** DATA RECORDS **
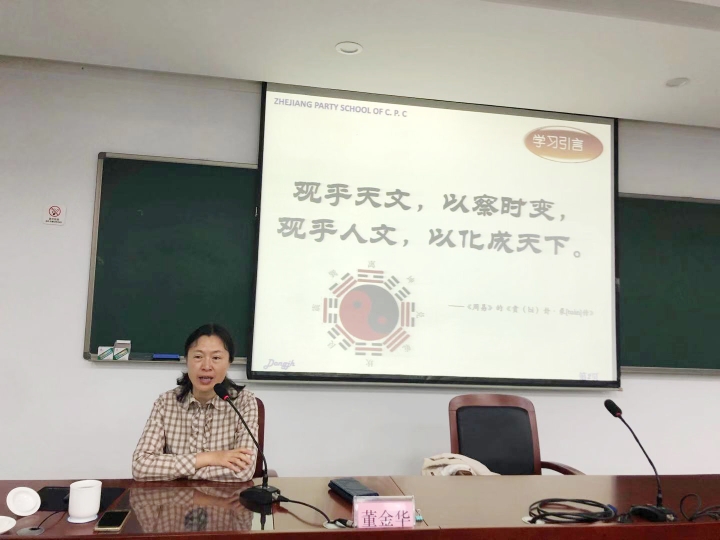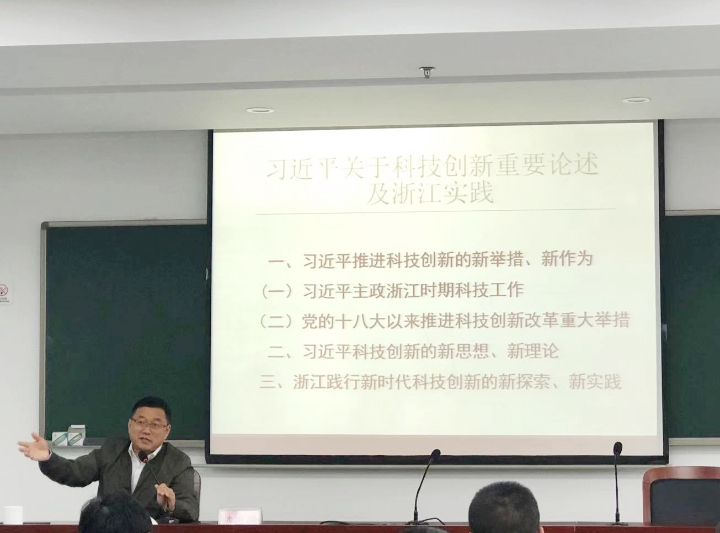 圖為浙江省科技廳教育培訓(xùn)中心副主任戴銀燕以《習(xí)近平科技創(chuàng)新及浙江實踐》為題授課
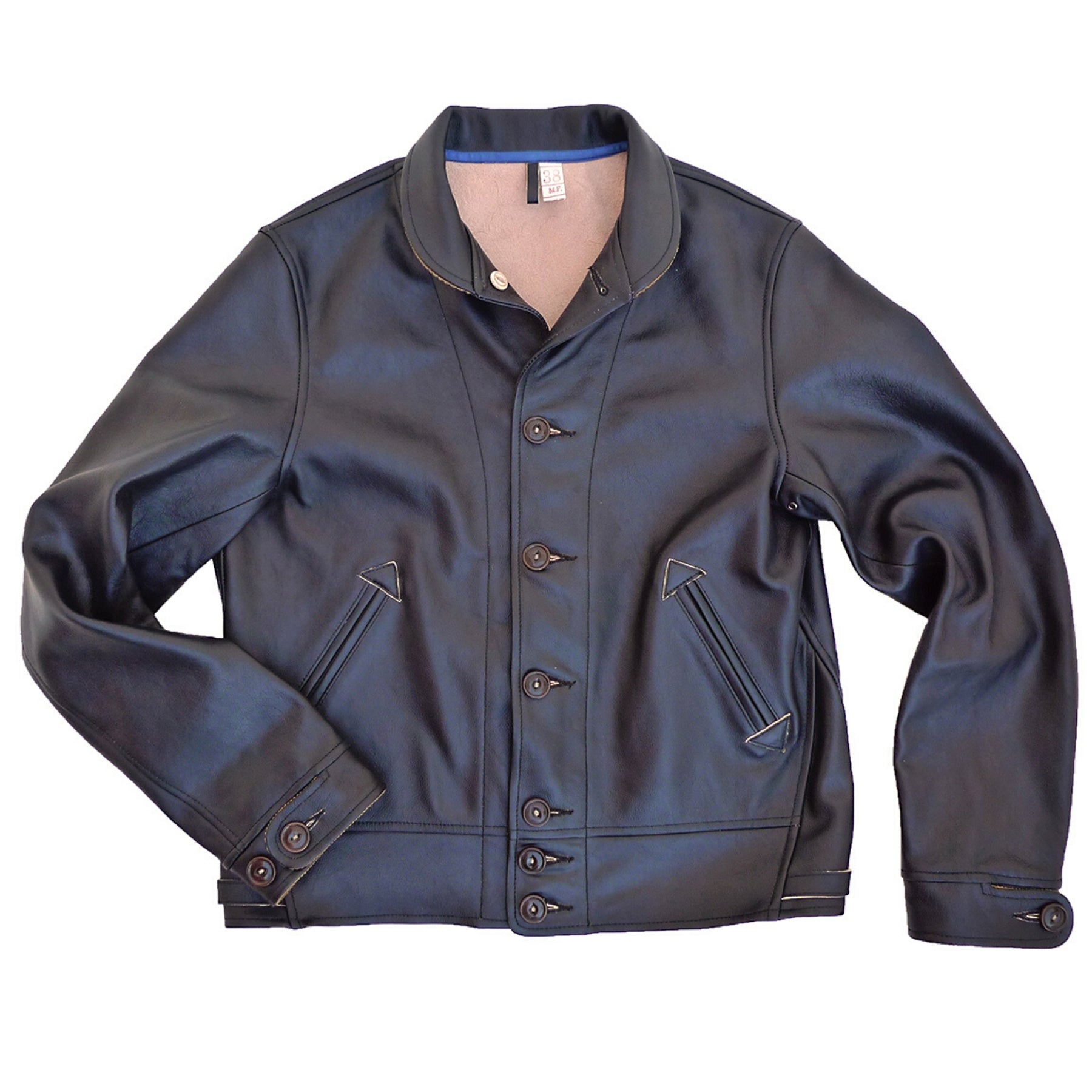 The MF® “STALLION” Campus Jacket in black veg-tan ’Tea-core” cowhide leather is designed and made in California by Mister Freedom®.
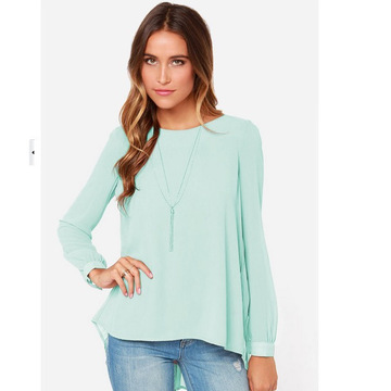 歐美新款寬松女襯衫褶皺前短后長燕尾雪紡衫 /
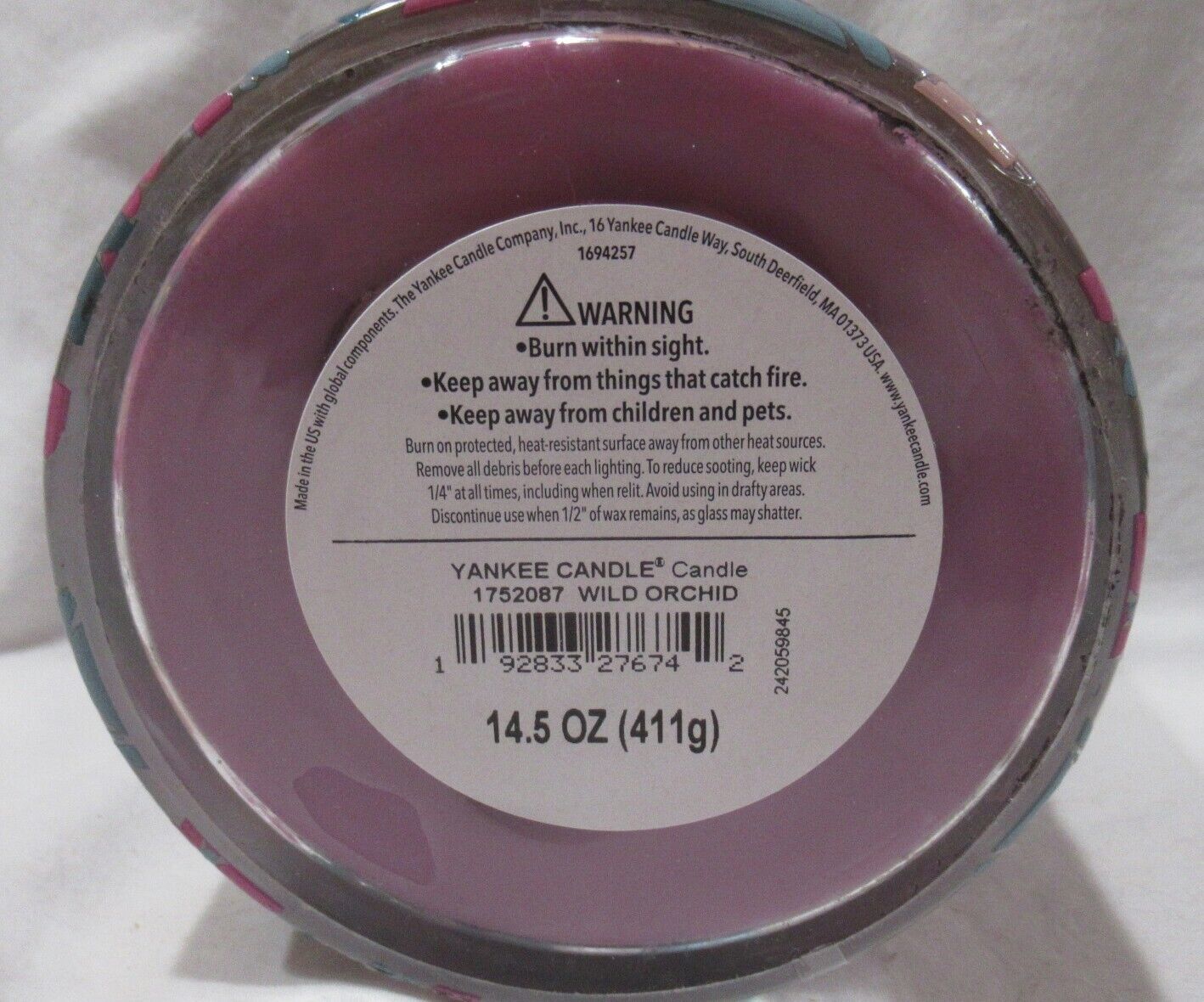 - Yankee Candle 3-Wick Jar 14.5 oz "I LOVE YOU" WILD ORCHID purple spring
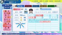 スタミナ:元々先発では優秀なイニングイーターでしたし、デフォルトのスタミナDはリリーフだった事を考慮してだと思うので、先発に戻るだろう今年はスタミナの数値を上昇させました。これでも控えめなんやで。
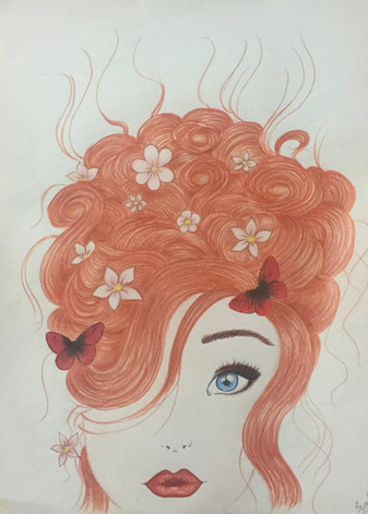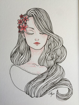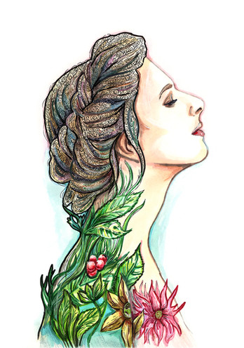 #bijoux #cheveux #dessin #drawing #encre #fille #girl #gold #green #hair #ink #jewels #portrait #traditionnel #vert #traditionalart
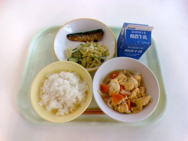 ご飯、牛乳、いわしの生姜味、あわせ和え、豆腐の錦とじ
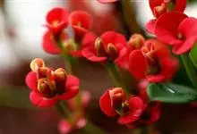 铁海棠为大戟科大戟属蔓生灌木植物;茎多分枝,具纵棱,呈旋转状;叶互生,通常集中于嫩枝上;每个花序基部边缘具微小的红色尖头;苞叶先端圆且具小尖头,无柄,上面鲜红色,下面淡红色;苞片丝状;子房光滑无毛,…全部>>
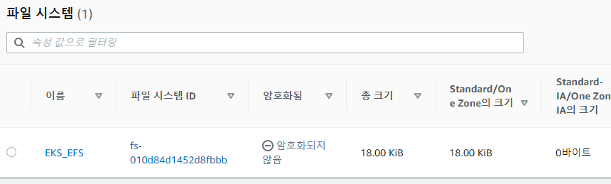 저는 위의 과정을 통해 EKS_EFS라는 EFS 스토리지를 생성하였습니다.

** ABOUT THIS EXERCISE **
Be exact. Write out all the entries and omit the pictures.

** SOLUTION TO THIS TASK **
 圖為浙江省科技廳教育培訓(xùn)中心副主任戴銀燕以《習(xí)近平科技創(chuàng)新及浙江實踐》為題授課
 The MF® “STALLION” Campus Jacket in black veg-tan ’Tea-core” cowhide leather is designed and made in California by Mister Freedom®.
 歐美新款寬松女襯衫褶皺前短后長燕尾雪紡衫 /
 - Yankee Candle 3-Wick Jar 14.5 oz "I LOVE YOU" WILD ORCHID purple spring
 スタミナ:元々先発では優秀なイニングイーターでしたし、デフォルトのスタミナDはリリーフだった事を考慮してだと思うので、先発に戻るだろう今年はスタミナの数値を上昇させました。これでも控えめなんやで。
 #bijoux #cheveux #dessin #drawing #encre #fille #girl #gold #green #hair #ink #jewels #portrait #traditionnel #vert #traditionalart
 ご飯、牛乳、いわしの生姜味、あわせ和え、豆腐の錦とじ
 铁海棠为大戟科大戟属蔓生灌木植物;茎多分枝,具纵棱,呈旋转状;叶互生,通常集中于嫩枝上;每个花序基部边缘具微小的红色尖头;苞叶先端圆且具小尖头,无柄,上面鲜红色,下面淡红色;苞片丝状;子房光滑无毛,…全部>>
 저는 위의 과정을 통해 EKS_EFS라는 EFS 스토리지를 생성하였습니다.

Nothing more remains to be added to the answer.